++++ INFORMATION SUPPLIED
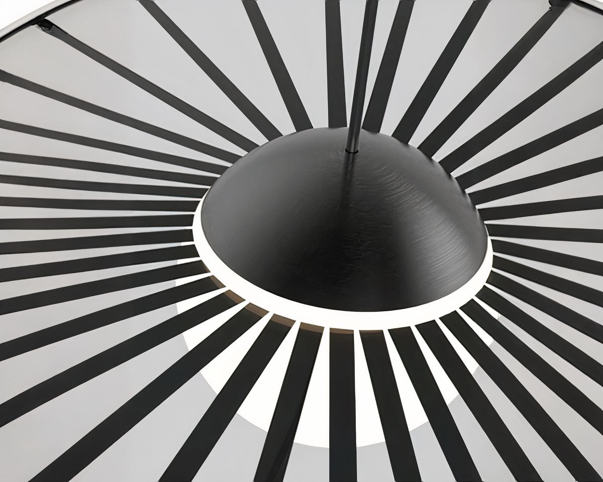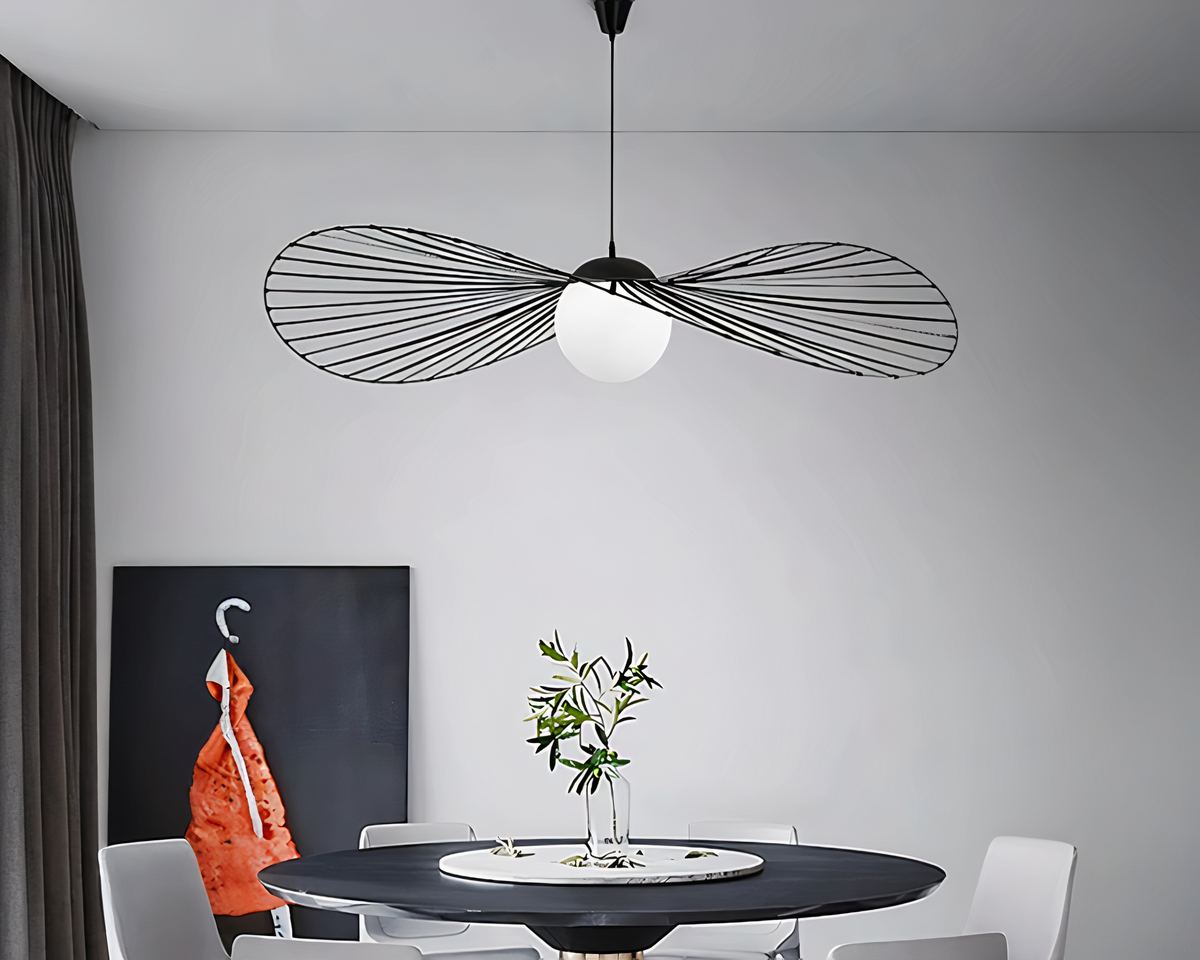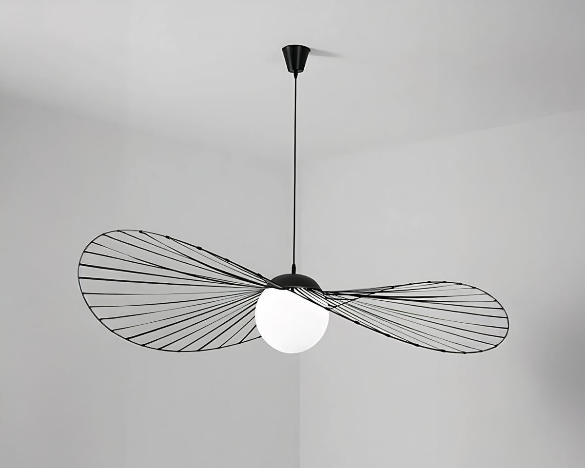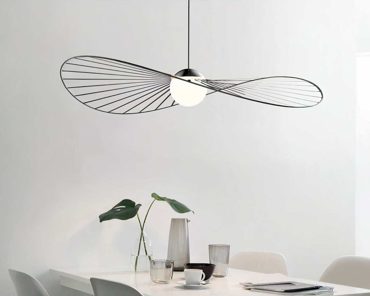 Le lustre vertigo en métal et tissu flotte avec légèreté, diffusant une lumière douce et envoûtante qui enveloppe votre espace d'une élégance aérienne. Ses pales finement tissées capturent la lumière et la transforment en un jeu subtil d'ombres et de mouvements hypnotiques.
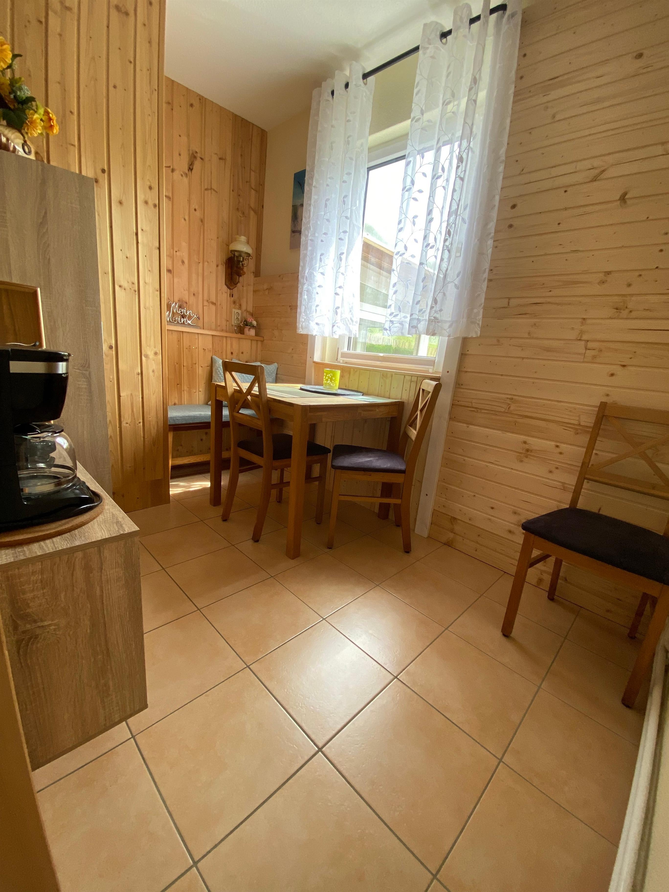 Unsere 43qm große 2,5 Raum-Wohnung bietet Ihnen viel Platz für Ihren wohlverdienten Urlaub. Der Wohn- und Essbereich mit Veranda bietet ausreichend Sitzmöglichkeiten mit Fachbild-SAT-TV, Radio und WLAN. Die große Wohnküche mit Küchenzeile und dem gemütlichen Esstisch lassen jeden Morgen gemütlich starten. Im Schlafzimmer steht für Ihren geruhsamen Schlaf ein großes Doppelbett (180 x 200 Meter) mit verstellbaren Lattenrosten bereit. Hier ist ein Schlafsessel von Wohnidee der als Schlafgelegenheit ( vorher angeben) umfunktioniert werden kann. Dieser hat eine Liegefläche von 80 x 190 Meter. Die voll ausgestattete Küchenzeile (Kühlschrank mit Gefrierfach, Herd mit 2 Platten, Multifunktionsbackofen mit Grill, Mikrowelle, ist neben Kaffeemaschine und Kapselmaschine (Dulco Gusto), Toaster und Wasserkocher somit gut ausgestattet. Eine eigene Terrasse vor der Wohnung lädt ebenfalls zum sitzen ein. Das Dusch-/Badezimmer ist modern eingerichtet. Der Bodenbelag im Schlafzimmer ist ein Dielenboden dieser sorgt somit für angenehm wohlige Wärme. In den anderen Zimmern ist Fliesenboden. Damit ist die Wohnung ebenfalls Allergiker freundlich.
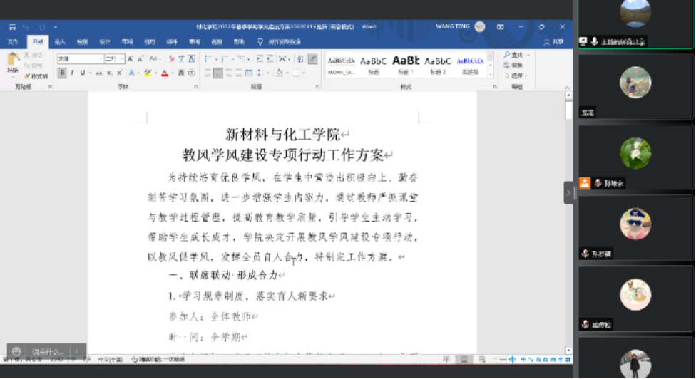 接著,王騰書記圍繞《新材料與化工學院教風學風建設專項行動工作方案》進行了部署。他強調,教師要加強課堂管理,以優良教風帶學風,加強教學督導,落實質量保障。輔導員、班主任要深入宿舍、深入課堂、深入輔導,也要發揮黨員先鋒作用,強化朋輩引領作用等,線上線下齊動員,共同助力學風建設。
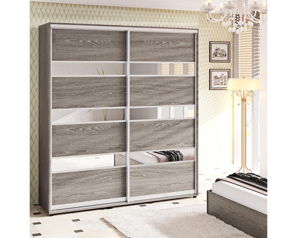 Шкаф-купе 240х60х160 Стандарт, 2 фасада Модель-4 Комфорт-меблі изготовлен из ламинированного ДСП - корпус, а фасад стильная комбинация ДСП и зеркала или цветных вставок. Наполнение шкафа функциональное, есть отделение для одежды на вешалках и отделение с полками.
++++++++
**EXERCISE:**
For this answer, retype the lines from the start of the listing through the line that holds "Unsere 43qm große", inclusive, exactly and without pictures.

**TASK OUTPUT:**
 Le lustre vertigo en métal et tissu flotte avec légèreté, diffusant une lumière douce et envoûtante qui enveloppe votre espace d'une élégance aérienne. Ses pales finement tissées capturent la lumière et la transforment en un jeu subtil d'ombres et de mouvements hypnotiques.
 Unsere 43qm große 2,5 Raum-Wohnung bietet Ihnen viel Platz für Ihren wohlverdienten Urlaub. Der Wohn- und Essbereich mit Veranda bietet ausreichend Sitzmöglichkeiten mit Fachbild-SAT-TV, Radio und WLAN. Die große Wohnküche mit Küchenzeile und dem gemütlichen Esstisch lassen jeden Morgen gemütlich starten. Im Schlafzimmer steht für Ihren geruhsamen Schlaf ein großes Doppelbett (180 x 200 Meter) mit verstellbaren Lattenrosten bereit. Hier ist ein Schlafsessel von Wohnidee der als Schlafgelegenheit ( vorher angeben) umfunktioniert werden kann. Dieser hat eine Liegefläche von 80 x 190 Meter. Die voll ausgestattete Küchenzeile (Kühlschrank mit Gefrierfach, Herd mit 2 Platten, Multifunktionsbackofen mit Grill, Mikrowelle, ist neben Kaffeemaschine und Kapselmaschine (Dulco Gusto), Toaster und Wasserkocher somit gut ausgestattet. Eine eigene Terrasse vor der Wohnung lädt ebenfalls zum sitzen ein. Das Dusch-/Badezimmer ist modern eingerichtet. Der Bodenbelag im Schlafzimmer ist ein Dielenboden dieser sorgt somit für angenehm wohlige Wärme. In den anderen Zimmern ist Fliesenboden. Damit ist die Wohnung ebenfalls Allergiker freundlich.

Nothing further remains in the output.